Registering in this database can also give you the chance to participate in Telephone Buys (T-Buy). Under this process the department will contact three companies, including the one that they last did business with, and ask them to provide a bid over the phone. The vendor who can offer the lowest price and meet all of the requirements of the contract will win.

"Individual departments will do a lot of their own buying. Last year departments spent $3 to $5 billion on their own, compared to $8 to $10 billion that we bought for them," says Jim Todd, Manager of the Contracts Canada Information Centre with the Public Works and Government Services Canada.

Responding to a bid
For more lucrative projects you are likely going to be responding to one of the following: a Request for Quotation (RFQ), an Invitation to Tender (ITT), or a Request for Proposal (RFP). Each involves a competitive process that is open to firms that meet the stated requirements. Responses are evaluated and scored based on the requirements outlined in the original request.

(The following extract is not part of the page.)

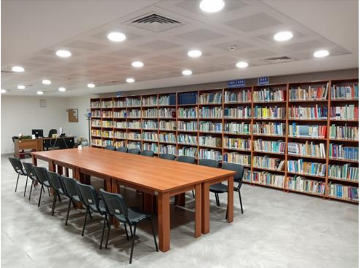
Sakarya Meslek Yüksekokulu Kütüphanesi

"The process needs to withstand intense public scrutiny because we are spending tax dollars. A fair and open competition will open up more opportunities for more companies," says Todd.

If you are answering an RFQ, you will be supplying goods and services under $25,000. Like the telephone bid you will need to offer the best service for the lowest price. The difference is that you will be competing with more vendors.

An ITT is similar to an RFQ except that the contract is valued over $25,000. The contract is issued for easily assembled goods and has straightforward requirements. Like an RFQ the bid that offers to do the job for the lowest price while fulfilling the contract will win.

Answering an RFP can be more challenging and require more work than the other methods of selling to the government. Commonly issued for contracts over $25,000, the proposal is used when a contract cannot be awarded on price alone. For help on how to write an effective proposal read our article Winning Government Work.

Another term that you may run across is the Request for Standing Offer (RFSO). These requests are not considered to be a contract unless you are contacted by the buyer in which case you will set up the terms and conditions. Todd explains that an RFSO is not a guarantee to do business. You are offering your services on an as-needed basis.